Prescriptive version of counting hyperplane arrangements In Hyperplane arrangement theory, Zaslavsky's Theorem necessarily bounds 
the number of bounded and unbounded regions in the complement of a real hyperplane arrangement. While this counting theorem is great, is there some thing more prescriptive which tells us which elements of the intersection lattice of the halfspaces resulting from the original arrangement are empty specifically? 
Given some affine arrangement $A$ and the exact normal and offset of the planes in $A$, and a corresponding halfspace intersection lattice $L$, if I know some subset of $L$ is non-empty then is there an algorithm or some algebraic formulation, which prescribes another subset of $L$ which is empty?
As an example, if I have some affine arrangement in $\mathbb{R}^1$ of two hyperplanes (points in this case)  $A,B$, then I know that either $A_l \cap B_r = \emptyset$ or $A_r \cap B_l = \emptyset$ where $A_r$ denotes the halfspace to the right of $A$ and $A_l$ notes that to the left.

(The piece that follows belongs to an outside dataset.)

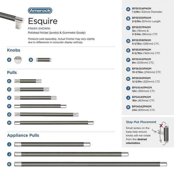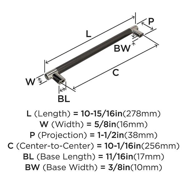 Esquire - Pull 256mm CC Polished Nickel/Gunmetal Bar Pull

 A: The question is confused.  The intersection poset of an affine arrangement is a semilattice, not necessarily a lattice.  It is defined as the set of non-empty intersections of subsets of A, so nothing in the semilattice is empty.
The example suggests that the question is about the intersections of half-spaces.  (I assume $R_r$ means $B_r$.)  This is separate from the intersection semilattice.
I am not sure, but I think that from the normal vectors and the intersection semilattice it is not possible to say which half-space intersections are empty.  It is possible for central arrangements (all hyperplanes contain 0) since the normal vectors determine everything, but I think for affine arrangements there is not enough information.  That is only an opinion.  
In the central case, the intersection is empty if and only if the normal vectors positively span the origin (if I remember correctly).  However, that seems neither necessary nor sufficient for affine hyperplanes.
This is a good question.  I'm sorry I can't answer it.